SAN DIEGO (AP) — A 24-year-old Marine based in California has become the first female officer to lead an assault amphibian vehicle platoon, the U.S. Marine Corps said. With her parents looking on, Second Lt. Mariah Klenke made history Tuesday
SAN DIEGO (AP) — A 24-year-old Marine based in California has become the first female officer to lead an assault amphibian vehicle platoon, the U.S. Marine Corps said.
With her parents looking on, Second Lt. Mariah Klenke made history Tuesday as she graduated from the Assault Amphibian Officer Course at Camp Pendleton.

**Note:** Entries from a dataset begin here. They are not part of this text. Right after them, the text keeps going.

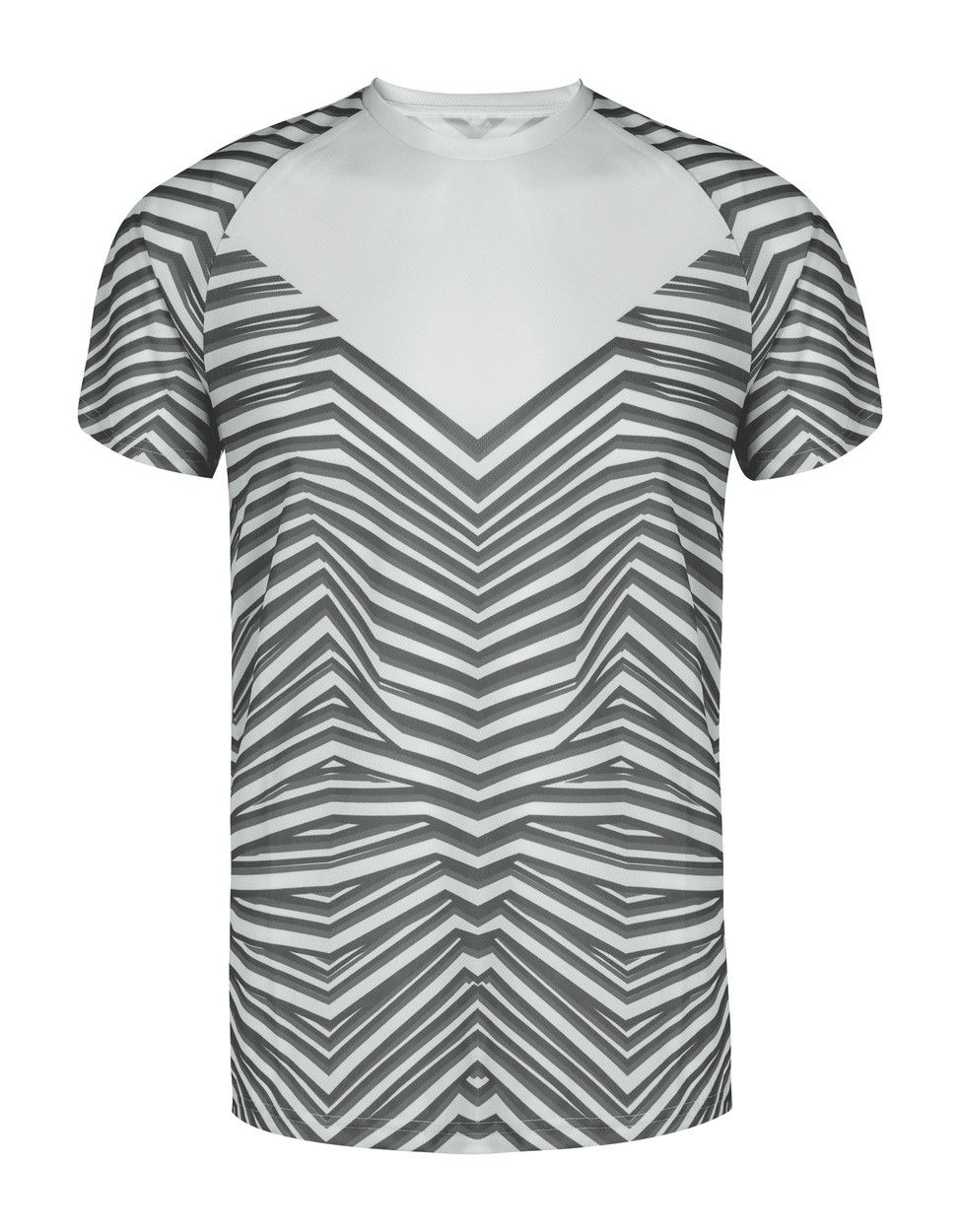 Tricou sport, 100% poliester, respirabil, cu design în dungi. 135 g/m².
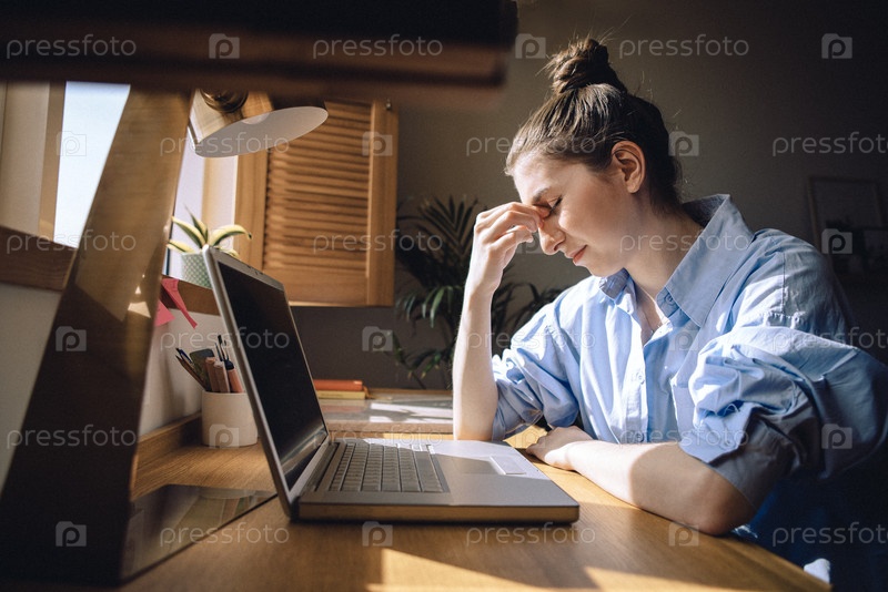 Усталая молодая женщина сидит перед ноутбуком и страдает от головной боли.Фрилансеры испытывают стресс во время работы на компьютере
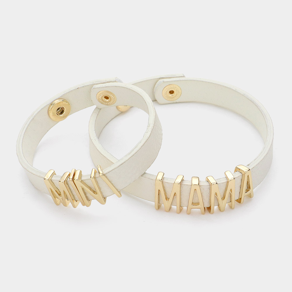 2PCS - MINI MAMA Message Faux Leather Button Snap Bracelets Set
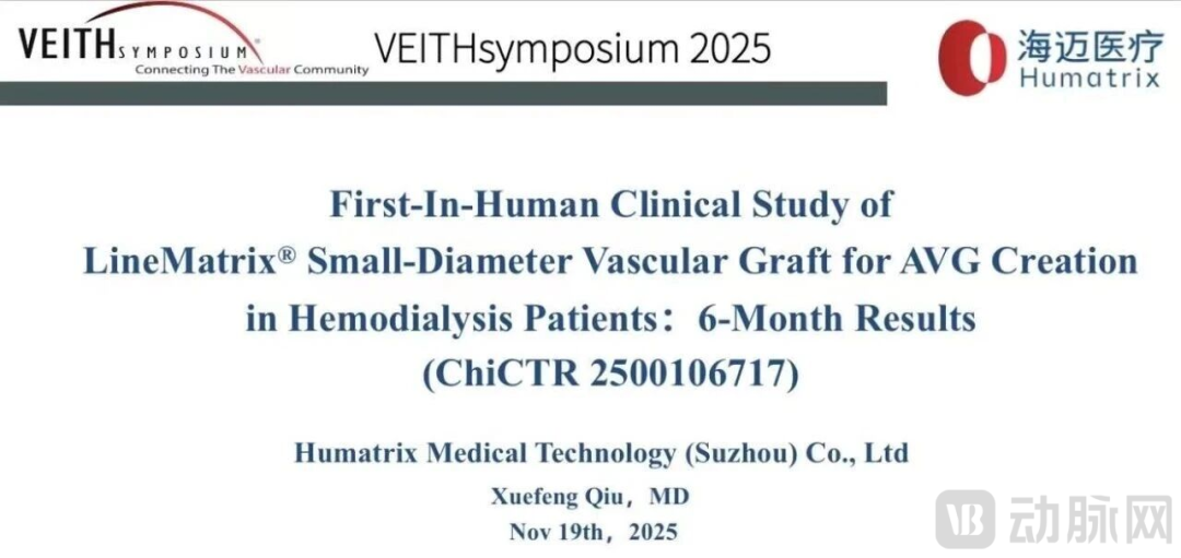 LineMatrix耐迈通不仅是国产首款进入创新医疗器械特别审查程序的小口径(≤6mm)生物型人工血管,更在临床表现上展现了卓越潜力。2025年11月19日,海迈医疗在第52届VEITHsymposium 2025年会上公布了LineMatrix耐迈通生物型人工血管FIM临床试验结果:相较传统 ePTFE 人工血管,该产品在通畅率、生物相容性及安全性方面表现突出。
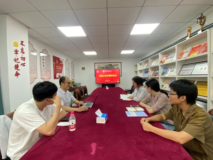 分工会工会委员在学院召开了2023年新学期初工作会议,讨论秋学期校工会和分工会的工作安排。会议由分工会主席肖云龙主持,副主席徐晓燕、委员宋维维、李芳园、王江红、周浩出席了会议。
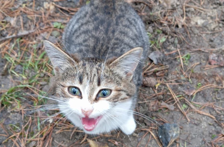 Один-одинёшенек и под открытым небом остался маленький котёнок в городе Сысерть. Сейчас он живёт ан автобазе, откуда всех его братьев и сестёр разобрали.
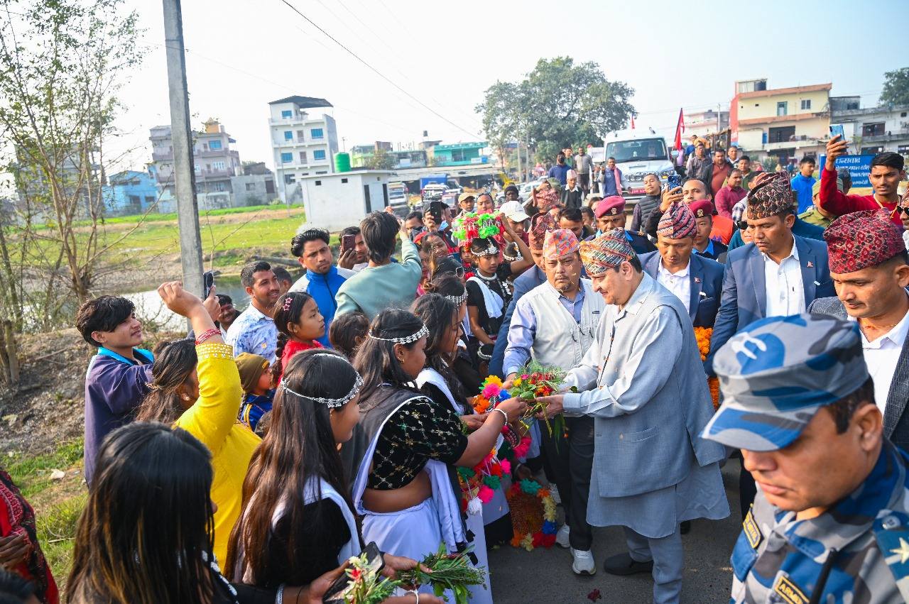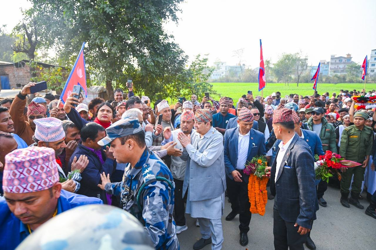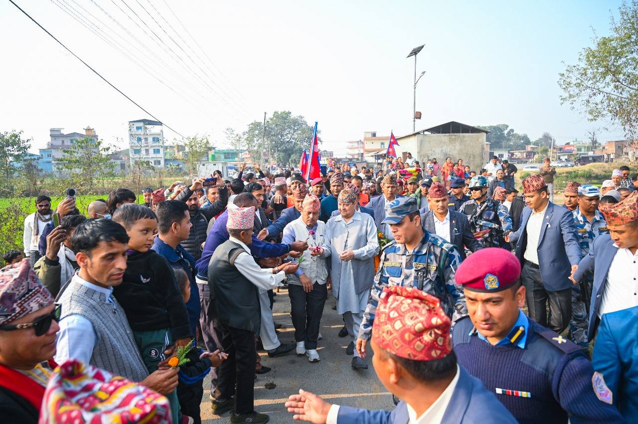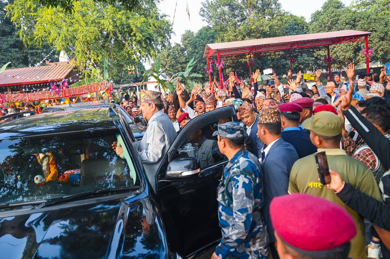 पूर्व राजा आउने जानकारी पाएपछि स्थानीयहरूले फूल माला सहित उनको स्वागत गरे।
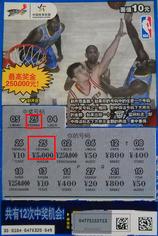 3月29日上午,招商城男装中心55859体彩站点业主蒋先生刚领到“顶呱刮”NBA主题票回站点,就第一时间通知程先生过来尝鲜。程先生迅速赶往站点,买了一整本NBA主题的10元票。他先刮了前10张,出现了一些小奖,大家还都说他运气不错,但程先生相信一直青睐他的幸运女神还会有更大惊喜送给他。怀着这种自信,他继续前进,直至刮到第9张时,中奖号码“25”与你的号码“25”对应了起来,程先生迫不及待地刮开了下方的奖金,彩票显示为“5,000”,他立即将彩票拿给业主蒋先生核对,蒋先生连连恭喜程先生中得了5000元奖金,并对程先生说:“你可能是全常熟首个NBA大奖的获得者呢!快去领奖吧,别忘了,还有一个大礼包呢!”最巧的是,这张中奖彩票票面上的中心人物正是姚明,程先生风趣地说:“别的球星咱不熟悉,可谁不认得姚明,肯定是姚明暗中助我啊!”
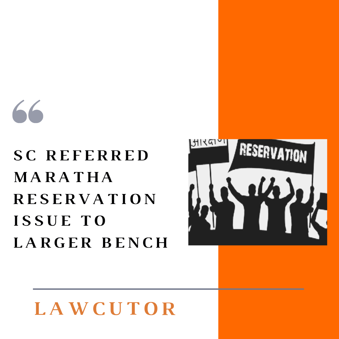 A three-judge bench of Justices L. Nageswara Rao, Hemant Gupta, and S. Ravindra Bhat were hearing the matter which pertains to the Socially and Educationally Backward Classes Act 2018, introduced by the Maharashtra government that grants 12 percent reservation for the Maratha community in education and 13 percent quota in appointment to public service jobs in the state, referred the matter to a larger bench of 5 or more judges and the case will be placed before the CJI for necessary orders.
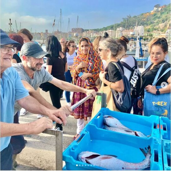 43 alumnes de l'Oficina de Català de Blanes han gaudit d'una visita guiada al port i la llotja de Blanes conduïda per GRENYAL, experiències gastronòmiques.
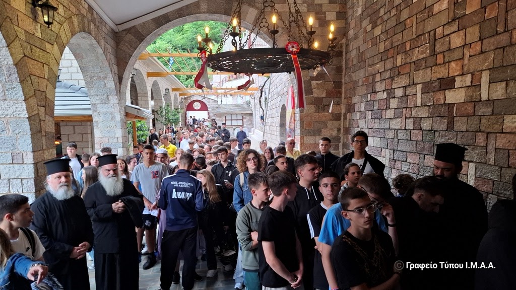 Ο Σεβασμιώτατος Μητροπολίτης Αιτωλίας και Ακαρνανίας κ. Δαμασκηνός ευχαρίστησε τον Άγιο Καθηγούμενο για την θερμή υποδοχή και τη φιλοξενία. Αναφέρθηκε στη γνωριμία που τους συνδέει από την Ιερά Μητρόπολη Δημητριάδος και απευθυνόμενος στους νέους και τις νέες σημείωσε, ότι η εκδρομή αυτή είναι ένας θεσμός πλέον για την Ιερά Μητρόπολη Αιτωλίας και Ακαρνανίας και θα πραγματοποιείται κάθε χρόνο. Επίσης ευχήθηκε σε όλους καλό καλοκαίρι και καλή επιτυχία στις εξετάσεις που ακολουθούν και κάλεσε τα παιδιά να συμμετάσχουν στις Κατασκηνώσεις της Ιεράς Μητροπόλεως.

“We cannot overlook the historic nature of this day,” Col. Dan Yaroslaski told the seven graduates and their family, friends and instructors at the ceremony. “We have set the standards every Marine has to pass. There has been no distinction between male and female.”
Klenke, from southern Illinois, was the first woman to enter the course after the Pentagon lifted its ban on females in combat roles in 2015.
She says she was never treated any differently from her male counterparts during rigorous training on land and at sea.
The most difficult part of the 12-week course, she said, was a one-week training of amphibious operations at the Beach at Camp Pendleton. There, she and her classmates practiced ship-to-shore movement and inland operation doing four missions a day.
“We operated on two hours of sleep,” she said.
Klenke will be assigned to command a platoon in the next few days, according to the Orange County Register (http://bit.ly/2xVa2LW).
“The Marine Corps is our job but it’s also our life,” she said. “I want to make their job fun so they put their heart and soul into it.”
Klenke’s first duty station will be with the 3rd Assault Amphibian Battalion with the 1st Marine Division.
“She’s always been one to go above and beyond,” said her father, Darrell Klenke.